If the bearing outer ring is screw mounted on the static component, a fit seating is not required or a fit seating in accordance with the table Recommended fits for adjacent construction, link, can be produced. If the values in the table are used, this will give a transition fit with a tendency towards clearance fit. This generally allows easy fitting.

If the bearing inner ring is screw mounted on the static component, it should nevertheless for functional reasons be supported by the shaft over the whole bearing height. The shaft dimensions should then be selected in accordance with the tables starting on link. If these values in the table are used, this will give a transition fit with a tendency towards clearance fit.

The values given in the following tables for geometrical and positional accuracy of the adjacent construction have proved effective in practice and are adequate for the majority of applications.

The geometrical tolerances influence the axial and radial runout accuracy of the subassembly as well as the bearing frictional torque and the running characteristics.

If the height variation must be as small as possible, the H₁ dimensional tolerance must conform to the tables, link, link and Figure 14.

The mounting dimension H₂ defines the position of any worm wheel used, Figure 14 and Figure 15, L-section ring with support ring.

The L-section ring of bearings YRT and RTC can be mounted unsupported or supported over its whole surface, Figure 15. If the L-section ring is supported, the tilting rigidity is higher.
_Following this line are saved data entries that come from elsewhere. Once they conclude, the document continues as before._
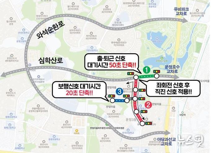 (뉴스핏 = 김호 기자) 파주시는 출퇴근 시간대에 신호주기가 길어 불편했던 운정 한빛마을 5단지 및 2·5단지 소도로 일대 구간의 신호체계를 우선적으로 개선했다고 밝혔다.
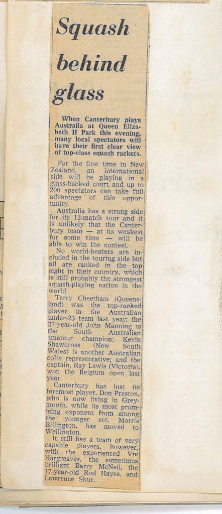 When Canterbury plays Australia at Queen Elizabeth II Park this evening, many local spectators will have their first clear view of top-class squash rackets.For the first time in New Zealand, an international side will be playing in a glass-backed court and up to 200 spectators can take full advantage of this opportunity.Australia has a strong side for its 12 match tour and it is unlikely that the Canterbury team – at its weakest for some time – will be able to win the contest.No world-beaters are included in the touring side but all are ranked in the top eight in their country, which is still probably the strongest squash-playing nation in the world.Terry Cheetham (Queensland) was top-ranked player in the Australian under-23 team last year; the 27 year old Joh Manning is the South Australia amateur champion;Kevin Shawcross (New South Wales) is another Australian colts representative’ and the captain, Ray Lewis (Victoria) won the Belgium open last year.Canterbury has lost its foremost player Don Preston who is now living in Greymouth, while its most promising exponent from among the younger set, Morris Billington, has moved to Wellington.It still has a team of very capable players, however with the experienced Viv Hargreaves, the sometimes brilliant Barry McNeil and 17 year old Rod Hayes and Lawerence Skur.
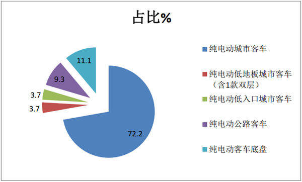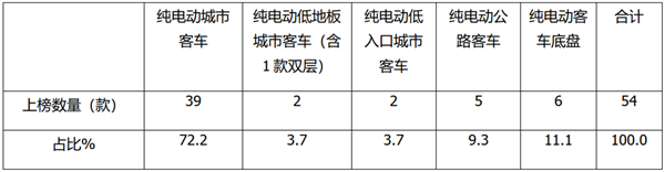 特点七、上榜的54款纯电动客车中,按类别划分,纯电动城市客车上榜35款。占比61.4%,为最大;其次是纯电动公路客车9款,占比15.8%,再次是纯电动客车底盘7款,占比12.3%;低入口城市客车上榜6款,占比11.6%
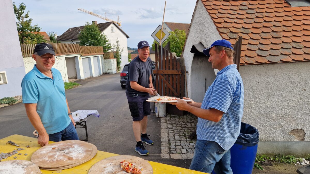 Bereits am Tag davor mußte der „OWV-Backofen“ eingeheizt werden, um ihn für das Pizzabacken auf Temperatur zu bringen. Rund fünfzig Kinder ließen sich die Gelegenheit nicht entgehen, bei herrlichem Spätsommerwetter den Teig auszurollen und ihre Pizza im Hof von Rudi Braun selbst zu belegen. Salami, Schinken, Käse, Pilze, Thunfisch, Ananas oder zur Verfeinerung Zwiebeln und Paprika, aus allem konnte ausgewählt werden um seinen Gaumen zu befriedigen.

The support ring (for example a worm wheel) is not included in the delivery.

Depending on the application, series YRT and RTC require bearings with a different preload match in order to achieve the same preload forces in the axial bearing.

For series YRT_Speed and ZKLDF, there is only one preload match. The increase in rigidity and frictional torque in YRT_Speed bearings is slight and can normally be ignored.

In bearings of series ZKLDF, the rigidity and frictional torque are not influenced by the support ring.

For the case “L-section ring without support ring”, the bearing designation is:

• YRT ＜bore diameter＞ or RTC ＜bore diameter＞.

For the case "L-section ring with support ring", the bearing designation is:

• YRT ＜bore diameter＞ VSP
• RTC ＜bore diameter＞ T52EB.

For RTC with an additionally restricted axial runout, the bearing designation is:

• RTC ＜bore diameter＞ T52EA.

For bearing arrangements with a supported L-section ring, only bearings with the suffix VSP, EB or T52EA can be ordered.

If the normal design is mounted with a supported L-section ring, there will be a considerable increase in the bearing frictional torque.

The support ring should be at least twice as high as the shaft locating washer of the bearing.

Retaining screws secure the bearing components during transport. For easier centring of the bearing, the screws should be loosened before fitting and either secured again or removed after fitting.

Tighten the fixing screws in crosswise sequence using a torque wrench in three stages to the specified tightening torque M_A, while rotating the bearing ZKLDF, Figure 16:

• Stage 1: 40% of M_A
• Stage 2: 70% of M_A
• Stage 3: 100% of M_A.

Observe the correct grade of the fixing screws.

Mounting forces must only be applied to the bearing ring to be fitted, never through the rolling elements.

Bearing components must not be separated or interchanged during fitting and dismantling.

If the bearing is unusually difficult to move, loosen the fixing screws and tighten them again in steps in a crosswise sequence. This will eliminate any distortion.

Bearings should only be fitted in accordance with TPI 103, Fitting and Maintenance Manual.

The overall rigidity of a bearing position is a description of the magnitude of the displacement of the rotational axis from its ideal position under load. The static rigidity thus has a direct influence on the accuracy of the machining results.

The dimension tables give the rigidity values for the complete bearing position. These take account of the deflection of the rolling element set as well as the deformation of the bearing rings and the screw connections.

The values for the rolling element sets are calculated rigidity values and are for information purposes only. They facilitate comparison with other bearing types, since rolling bearing catalogues generally only give the higher rigidity values for the rolling element set.